# Brake caliper color?



## Iamantman (Sep 24, 2018)

I always loved calipers that were painted to match the body. But brighter sportier colors are always cool too. I just wouldn't call that much attention to them if it were me unless they were a performance upgrade like the GM kit. But that's me.


----------



## Ma v e n (Oct 8, 2018)

I think either would work well.


----------



## Blasirl (Mar 31, 2015)

I see yellow...


----------



## HBCRUZE2017 (Jan 25, 2018)

not worth the time or price of the paint lol


----------



## Ma v e n (Oct 8, 2018)

HBCRUZE2017 said:


> not worth the time or price of the paint lol


But it was fine for you to black out your bowties and install a filter that lets in dirt?


----------



## MP81 (Jul 20, 2015)

To be fair, painting the bowties takes a _lot_ less time.

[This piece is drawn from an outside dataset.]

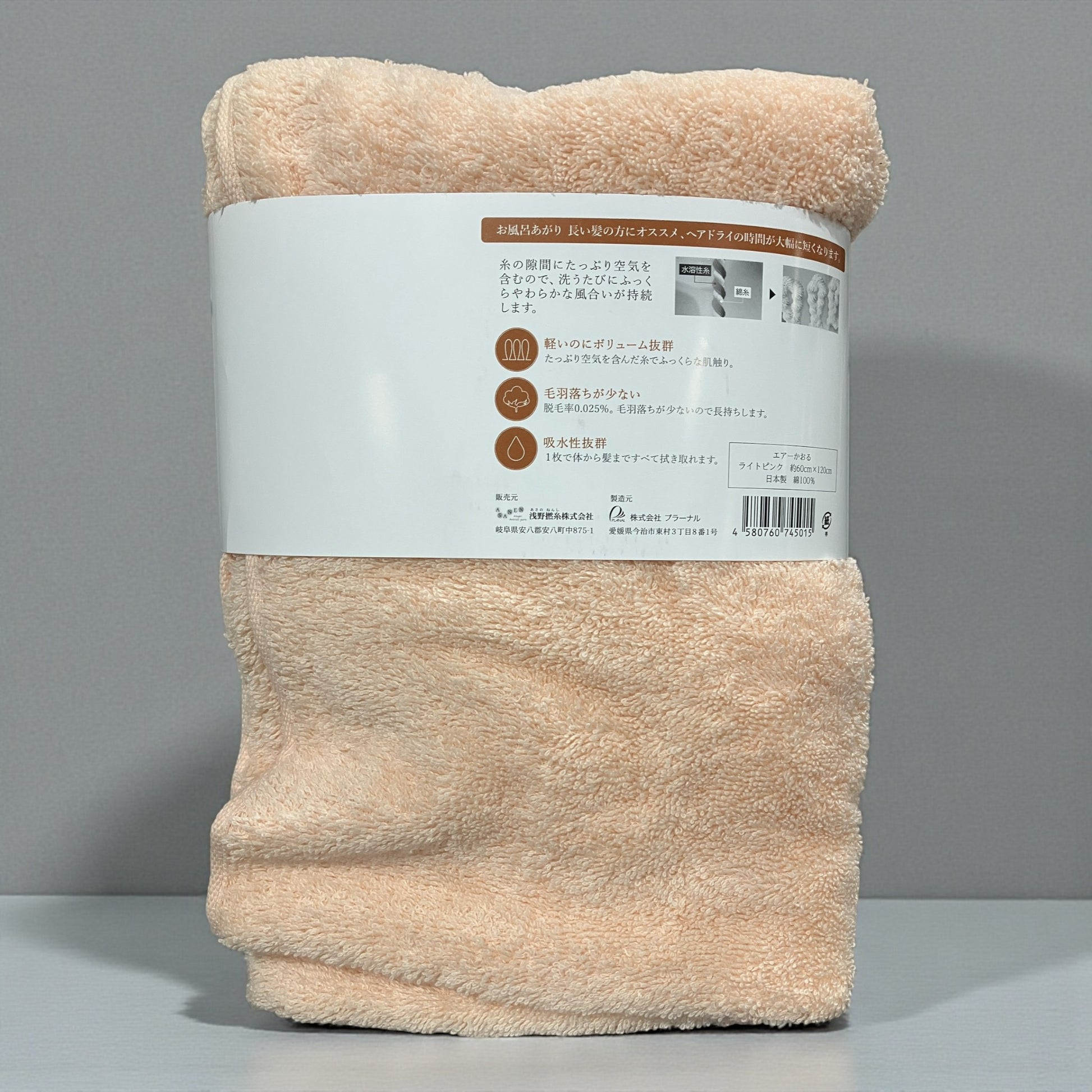 今治 エアーかおる バスタオル ダディボーイ スーパーゼロ 60x120 cm air kaol カラー ライトピンク

I am in agreement with the post up above - I typically like them to match body color...but when you have a darker color body, then that doesn't quite have the same effect. Black always looks good, though it just means they hide even more behind a black/gray wheel, but being a stock caliper, that might not be the worst thing. Those who notice will appreciate the painted caliper, but those same people might wonder why you painted them a bright color if they're just normal stock calipers.

That said, if you did do a contrasting color, it usually works well to coordinate it with something else on the exterior of your vehicle - or a color you might plan to add to the exterior.

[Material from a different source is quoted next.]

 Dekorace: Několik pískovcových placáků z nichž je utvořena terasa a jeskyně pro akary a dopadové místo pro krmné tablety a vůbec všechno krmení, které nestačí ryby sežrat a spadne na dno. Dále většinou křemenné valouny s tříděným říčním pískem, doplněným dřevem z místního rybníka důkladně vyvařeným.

If I were in your position, I'd probably go with a black caliper, behind a gunmetal/gunmetal wheel given the color of your car.


----------



## HBCRUZE2017 (Jan 25, 2018)

dealer did the bowties for me when i got it used for free and kn filter takes like 5 minutes...


----------



## Ma v e n (Oct 8, 2018)

HBCRUZE2017 said:


> dealer did the bowties for me when i got it used for free and kn filter takes like 5 minutes...


Youve missed the point.


----------



## HBCRUZE2017 (Jan 25, 2018)

this is just my daily im just saying i dont care that much lol especially with stock wheels


----------



## Ma v e n (Oct 8, 2018)

HBCRUZE2017 said:


> this is just my daily im just saying i dont care that much lol especially with stock wheels


Understood


----------